> diff --git a/kernel/bpf/bpf_lru_list.c b/kernel/bpf/bpf_lru_list.c
> index c091f3232cc5..03d37f72731a 100644
> --- a/kernel/bpf/bpf_lru_list.c
> +++ b/kernel/bpf/bpf_lru_list.c
[ ... ]
> @@ -451,13 +455,12 @@ static struct bpf_lru_node
> *bpf_common_lru_pop_free(struct bpf_lru *lru,
>
> loc_l = per_cpu_ptr(clru->local_list, cpu);
>
> - raw_spin_lock_irqsave(&loc_l->lock, flags);
> + if (!raw_spin_trylock_irqsave(&loc_l->lock, flags))
> + return NULL;
>
> node = __local_list_pop_free(loc_l);
> - if (!node) {
> - bpf_lru_list_pop_free_to_local(lru, loc_l);
> + if (!node && bpf_lru_list_pop_free_to_local(lru, loc_l))
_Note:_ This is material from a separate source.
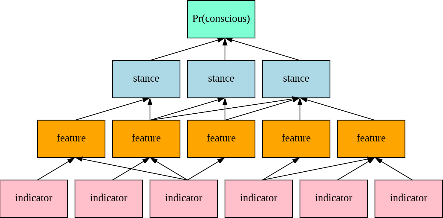 Our model is broadly Bayesian. Features raise or lower the probability of consciousness via their likelihoods: for any given stance, how much would we expect to see these features in a system if the system is conscious versus unconscious? Indicators raise or lower the probability of features in the same fashion: if we assume the feature is present (or absent), what does that tell us about the probability of the indicator? Bayesian probability theory makes it easy to update on new evidence in light of such likelihoods.

> node = __local_list_pop_free(loc_l);
> - }
>
> if (node)
> __local_list_add_pending(lru, loc_l, cpu, node, hash);
The trylock conversion here looks correct, but what about the steal path
that follows later in bpf_common_lru_pop_free()? Looking at the existing
code (not shown in this diff), the steal loop still uses unconditional
raw_spin_lock_irqsave():
do {
steal_loc_l = per_cpu_ptr(clru->local_list, steal);
raw_spin_lock_irqsave(&steal_loc_l->lock, flags);
...
} while (...);
If the goal is to avoid NMI-context deadlocks when acquiring LRU locks,
can the same deadlock scenario occur when NMI interrupts during the steal
loop and the NMI handler tries to acquire the same steal_loc_l->lock?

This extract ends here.